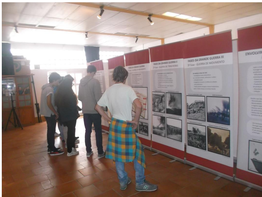
2. - Alunos informam-se sobre o novo armamento de guerra.
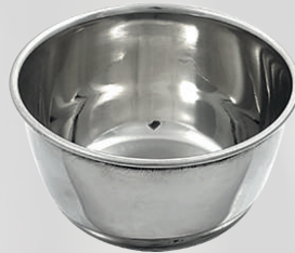
CIOTOLA BARBERIA 54 MILANO 10,00 €
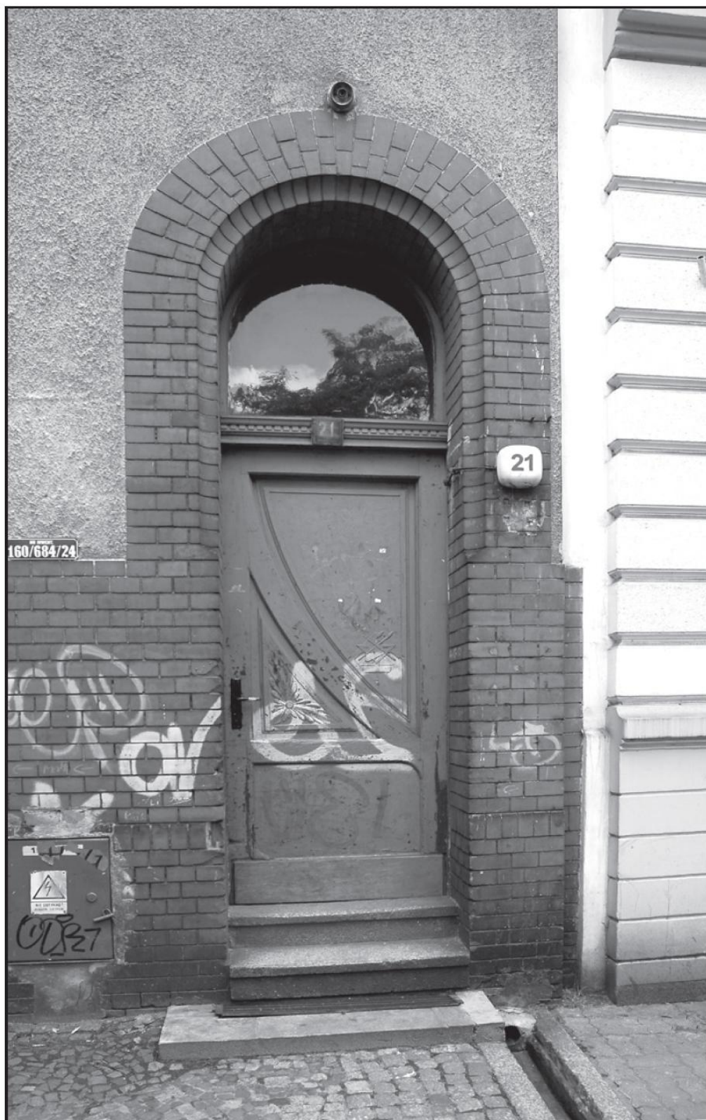
Boczne drzwi z płycinami zdobionymi płaskorzeźbą i nadświetlem
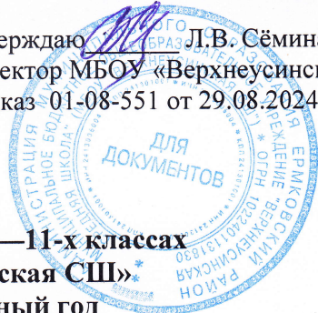
График оценочных процедур в 1—11-х классах МБОУ «Верхнеусинская СШ» на 2024-2025 учебный год

* * * * * * * * *

Task to carry out: What is needed here is each line above set down word for word, minus the images.

Problem solution:
2. - Alunos informam-se sobre o novo armamento de guerra.
CIOTOLA BARBERIA 54 MILANO 10,00 €
Boczne drzwi z płycinami zdobionymi płaskorzeźbą i nadświetlem
График оценочных процедур в 1—11-х классах МБОУ «Верхнеусинская СШ» на 2024-2025 учебный год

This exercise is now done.